Still, the Free Lance-Star can devote only so much space to Caroline County, which represents a small slice of the regional daily’s circulation and ad revenue. For the most part, in 2020, news-thirsty residents of Bowling Green and Caroline County must depend on all-too-rare reports on crime or social hot topics on the Richmond TV news and in the Richmond Times-Dispatch, plus a mixture of somewhat scattershot social media.
For a portion of the sort of local news, social events, and opinions that readers once found tucked away and organized in the pages of their hometown weekly, residents can comb through a variety of Facebook groups, websites, and other social media. It can be an exhausting process, and it is easy to miss something unless one is dedicated.
A Facebook effort
One of the most popular Facebook groups in the county is Caroline County, Virginia Residents, which was started in 2015 by a Caroline Middle School teacher named Steven Brodie Tucker. Tucker and the site’s co-administrator, Susan Sili (the wife of Jeff Sili, chairman of the County Board of Supervisors) strive to maintain a pleasing yet responsible balance of local news and opinion. “It’s meant to be a positive mechanism for spreading news while trying to build up the community,” Tucker said.

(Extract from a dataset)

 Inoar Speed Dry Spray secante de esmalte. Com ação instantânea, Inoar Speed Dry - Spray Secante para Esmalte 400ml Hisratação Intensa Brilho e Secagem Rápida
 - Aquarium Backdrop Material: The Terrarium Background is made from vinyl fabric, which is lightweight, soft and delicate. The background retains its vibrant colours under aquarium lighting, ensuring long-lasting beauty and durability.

Because of the co-administrators’ interests and connections, these pages carry a great deal of county government news and school news, as well as notices about farmers’ markets, fairs, and other community events, such as COVID-19 testing. Also: pet and wildlife photos, scenic views, inquiries about where to get a good plumber or electrician, jokes, comments on local restaurants, and other ephemera, plus the unavoidable political crossfire in this year of COVID-19, Black Lives Matter demonstrations, and the presidential election.

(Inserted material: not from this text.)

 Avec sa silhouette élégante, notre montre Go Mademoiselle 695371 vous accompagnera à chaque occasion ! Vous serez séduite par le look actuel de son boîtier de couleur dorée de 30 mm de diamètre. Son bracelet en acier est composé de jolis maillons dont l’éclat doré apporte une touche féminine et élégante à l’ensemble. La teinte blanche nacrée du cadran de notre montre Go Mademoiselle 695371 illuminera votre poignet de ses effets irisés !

While useful, such Facebook groups do not offer the same experience as a traditional weekly newspaper—with its familiar organization of news, feature, editorial, sports and church pages, and, more important, its staff of dedicated news professionals who are paid to surface stories and report them out. Still, they help Caroline County residents stay in touch and maintain some sense of identity—for the time being anyway.

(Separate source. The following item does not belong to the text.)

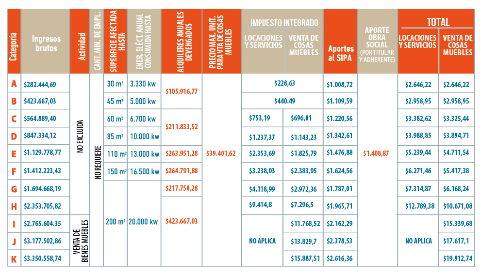 NUEVAS ESCALAS Y VALORES DE LAS CATEGORÍAS DEL MONOTRIBUTO

This project is supported by a gift from the Delacorte Center for Magazine Journalism Fund at The New York Community Trust.
Greg Glassner is a Caroline County resident with more than forty years of experience in the newspaper business, the majority of it as editor of community weeklies in Virginia. He was editor of the Herald-Progress in Ashland for eight years, retiring in 2012. He also served as interim editor of the Caroline Progress in Bowling Green for six months in 2015, and wrote a weekly column and feature stories for both papers until they ceased publication in March 2018. A US Army veteran who saw service in Southeast Asia, Glassner is the author of five books, including biographies of US Attorney General William Wirt and Virginia Gov. William “Extra Billy” Smith.